* [YOUR TASK]: Could you retype exactly the lines below between the one holding "Prehistoric rock carvings." and the one holding "王朝霞期末模拟卷三年级上册英语(PEP版)_R210806190645【9】", inclusive, leaving out any pictures?

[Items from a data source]

Content starts

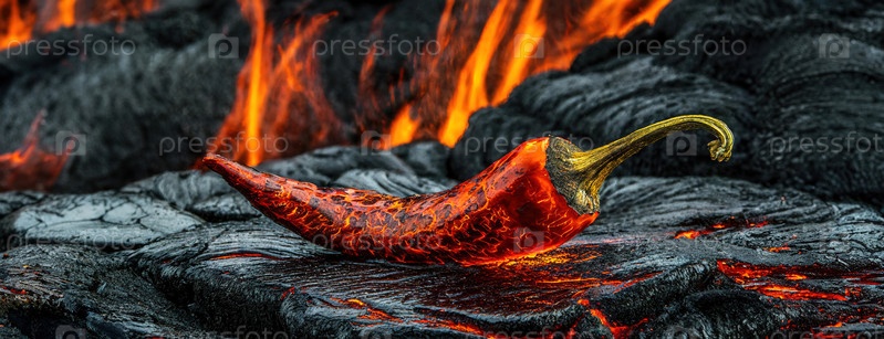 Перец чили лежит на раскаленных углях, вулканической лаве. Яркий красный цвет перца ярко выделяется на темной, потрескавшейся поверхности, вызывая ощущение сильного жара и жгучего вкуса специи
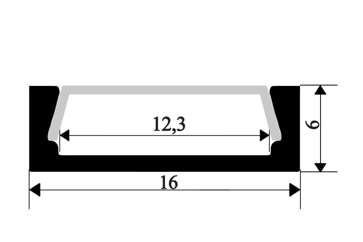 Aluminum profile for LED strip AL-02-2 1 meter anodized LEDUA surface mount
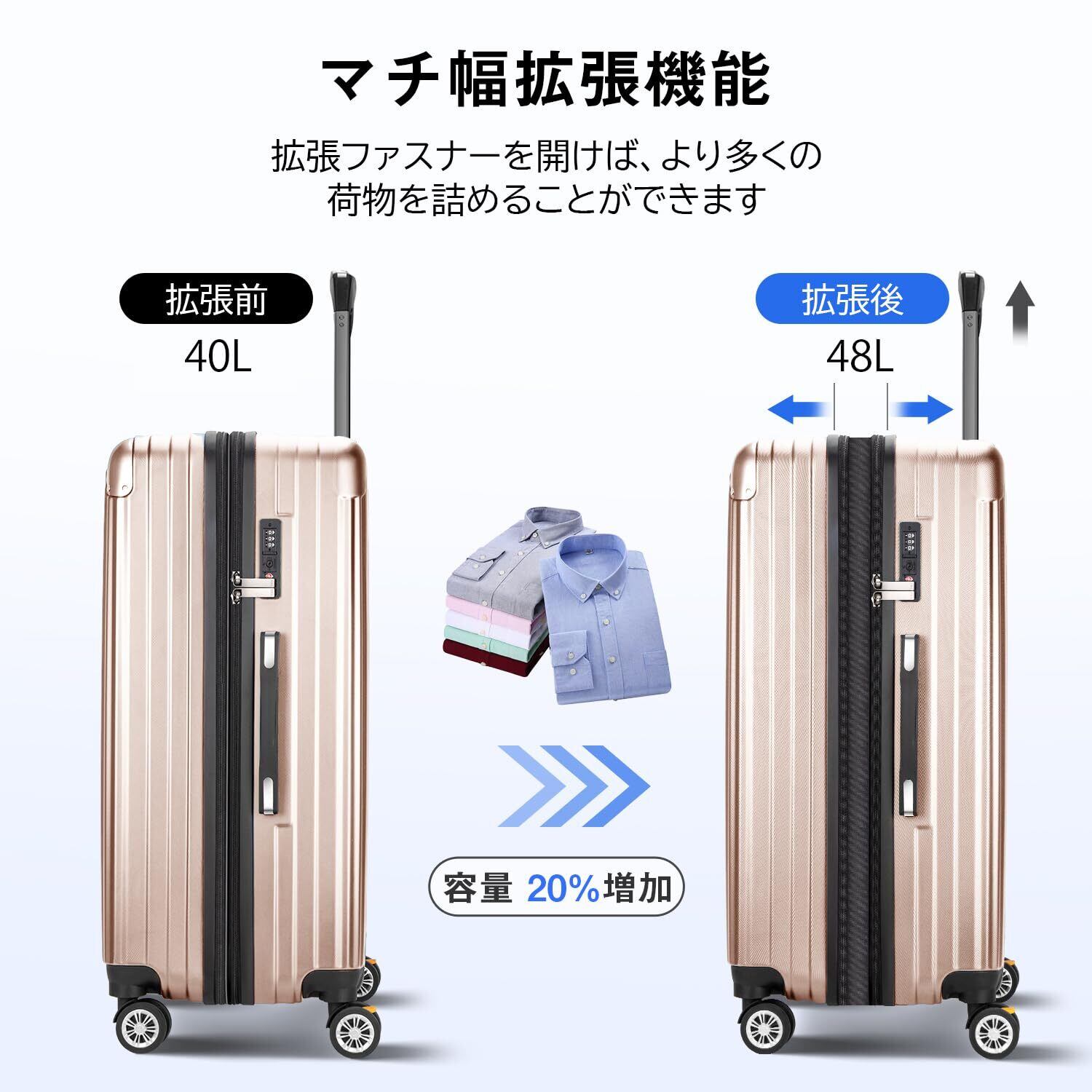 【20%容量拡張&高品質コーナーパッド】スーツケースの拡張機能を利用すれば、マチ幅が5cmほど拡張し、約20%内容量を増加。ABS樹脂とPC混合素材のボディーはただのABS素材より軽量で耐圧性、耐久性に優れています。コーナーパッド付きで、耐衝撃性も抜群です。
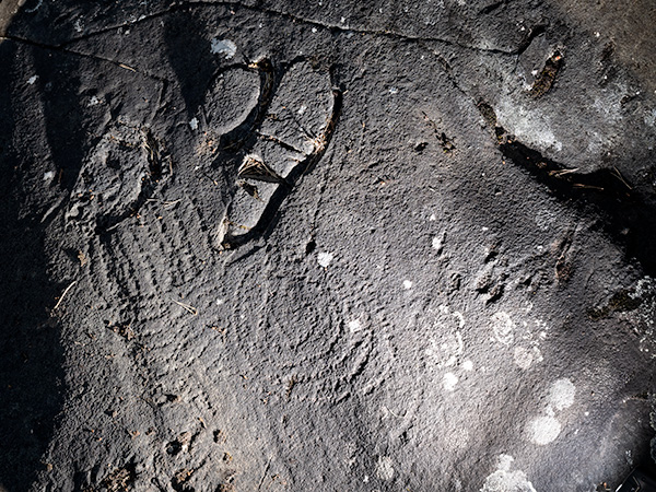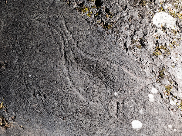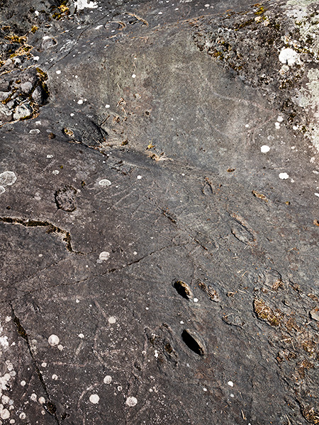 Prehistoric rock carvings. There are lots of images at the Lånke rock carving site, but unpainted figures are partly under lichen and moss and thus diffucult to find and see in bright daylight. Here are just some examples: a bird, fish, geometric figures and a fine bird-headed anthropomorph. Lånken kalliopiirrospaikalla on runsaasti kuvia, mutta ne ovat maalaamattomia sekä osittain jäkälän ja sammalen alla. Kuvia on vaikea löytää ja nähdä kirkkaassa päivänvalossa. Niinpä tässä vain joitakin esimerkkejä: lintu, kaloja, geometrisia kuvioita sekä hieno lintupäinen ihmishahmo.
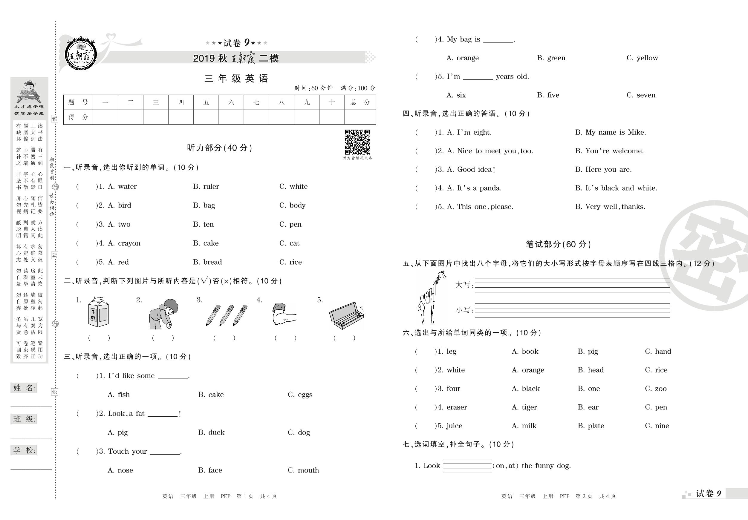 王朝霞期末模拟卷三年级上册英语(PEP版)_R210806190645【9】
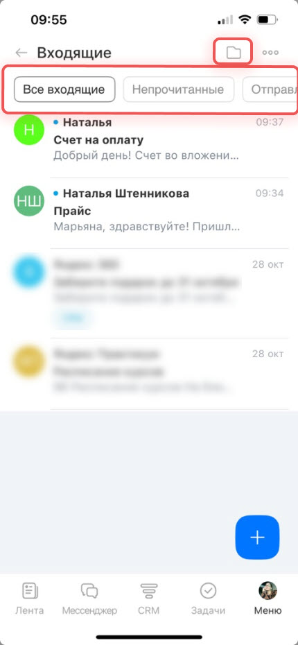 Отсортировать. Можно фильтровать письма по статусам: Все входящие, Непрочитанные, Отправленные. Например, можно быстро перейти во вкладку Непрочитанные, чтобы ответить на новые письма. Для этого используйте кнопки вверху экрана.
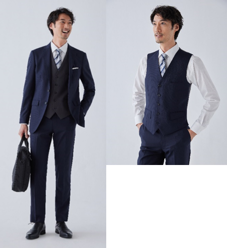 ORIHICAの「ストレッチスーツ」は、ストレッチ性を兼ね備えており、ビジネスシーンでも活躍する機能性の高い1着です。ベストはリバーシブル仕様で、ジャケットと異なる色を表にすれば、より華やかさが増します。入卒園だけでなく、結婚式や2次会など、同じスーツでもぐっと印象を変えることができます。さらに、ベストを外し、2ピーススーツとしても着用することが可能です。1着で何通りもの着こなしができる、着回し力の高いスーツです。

Content ends

* [RESULT OF THIS TASK]:
 Prehistoric rock carvings. There are lots of images at the Lånke rock carving site, but unpainted figures are partly under lichen and moss and thus diffucult to find and see in bright daylight. Here are just some examples: a bird, fish, geometric figures and a fine bird-headed anthropomorph. Lånken kalliopiirrospaikalla on runsaasti kuvia, mutta ne ovat maalaamattomia sekä osittain jäkälän ja sammalen alla. Kuvia on vaikea löytää ja nähdä kirkkaassa päivänvalossa. Niinpä tässä vain joitakin esimerkkejä: lintu, kaloja, geometrisia kuvioita sekä hieno lintupäinen ihmishahmo.
 王朝霞期末模拟卷三年级上册英语(PEP版)_R210806190645【9】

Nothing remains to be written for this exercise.